Exercise: Examine the residuals of this model. Is the assumption of normally distributed residuals reasonable?

A: The assumption of normally distributed residuals is reasonable since the residuals are normally distributed with a relatively constant variance.

plot(m_lwage_iq, which = 1)

plot(m_lwage_iq, which = 2)

Recall that the posterior distribution of \(\alpha\) and \(\beta\) given \(\sigma^2\) is normal, but marginally follows a \(t\) distribution with \(n-p-1\) degrees of freedom. In this case, \(p=1\), since IQ is the only predictor of log-wage included in our model. Therefore both \(\alpha\) and \(\beta\) will have a posteriors that follow a \(t\) distribution 933 degrees of freedom - since the df is so large these distributions will actually be approximately normal.

Under the reference prior \(p(\alpha, \beta, \sigma^2) \propto 1/\sigma^2\), give a 95% posterior credible interval for \(\beta\), the coefficient of IQ.
1. (0.00793, 0.00967)
2. (0.00709, 0.01050)
3. (0.00663, 0.01098)
4. (0.00010, 0.01750)

confint(m_lwage_iq, level = 0.95)

##                   2.5 %     97.5 %
## (Intercept) 5.712290445 6.06169800
## iq          0.007100959 0.01051335

Exercise: The coefficient of IQ is very small, which is expected since a one point increase in IQ score can hardly be expected to have a high multiplicative effect on wage.
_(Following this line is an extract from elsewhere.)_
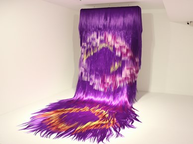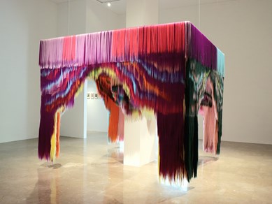 نمایش هیوا علیزاده در بنیاد لاجوردی، گزیدهای از طراحیها، ابژههای مویی و یک اثر تعاملی بزرگ اندازه است. ابژههای رنگین او ادراک و شیوه ارتباطی ما با محیط پبرامونی را دستخوش تغییر میکند و دستکاری عمیق اما ظریف سازوکار ادراک حسی، کار ویژه اساسی آنها است. میتوان آنها را زنجیرهای از بازیها با قوه تخیل مخاطبان دانست. ///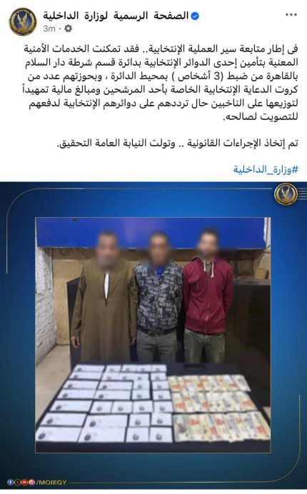 كشفت أجهزة الأمن، عقب الفحص، عدم صحة ما ورد في المقطع المتداول، مبينة أن حقيقة الواقعة تتمثل في تمكن القوات الأمنية بالقاهرة من ضبط عدد من أنصار المرشح بمحيط اللجان الانتخابية بدائرة قسم شرطة دار السلام، وبحوزتهم كروت دعاية انتخابية خاصة به ومبالغ مالية، تمهيدًا لتوزيعها على الناخبين مقابل التصويت لصالحه، مشيرة إلى سبق نشر بيانات رسمية بتلك الوقائع.

One way to make the coefficient more interpretable is to standardize IQ before putting it into the model. From this new model, an increase in IQ of 1 standard deviation (15 points) is estimated to increase wage by what percentage?

The increase percent of wage per 1 standard deviation increase in IQ is approximately 0.3336.

m_lwage_liq <- lm(lwage ~ log(iq), data = wage)
summary(m_lwage_liq)

## 
## Call:
## lm(formula = lwage ~ log(iq), data = wage)
## 
## Residuals:
##      Min       1Q   Median       3Q      Max 
## -2.09743 -0.24828  0.02547  0.27542  1.21110 
## 
## Coefficients:
##             Estimate Std. Error t value Pr(>|t|)    
## (Intercept)  2.94217    0.38409   7.660 4.64e-14 ***
## log(iq)      0.83299    0.08334   9.995  < 2e-16 ***
## ---
## Signif. codes:  0 '***' 0.001 '**' 0.01 '*' 0.05 '.' 0.1 ' ' 1
## 
## Residual standard error: 0.4005 on 933 degrees of freedom
## Multiple R-squared:  0.09672,    Adjusted R-squared:  0.09576 
## F-statistic: 99.91 on 1 and 933 DF,  p-value: < 2.2e-16

sd <- summary(m_lwage_liq)$sigma
beta_liq <- summary(m_lwage_liq)$coefficients[2,1]
wage_increase_by_1sd <- beta_liq*sd; print(wage_increase_by_1sd)

## [1] 0.3335917

Multiple linear regression

It is evident that wage can be explained by many predictors, such as experience, education, and IQ. We can include all relevant covariates in a regression model in an attempt to explain as much wage variation as possible.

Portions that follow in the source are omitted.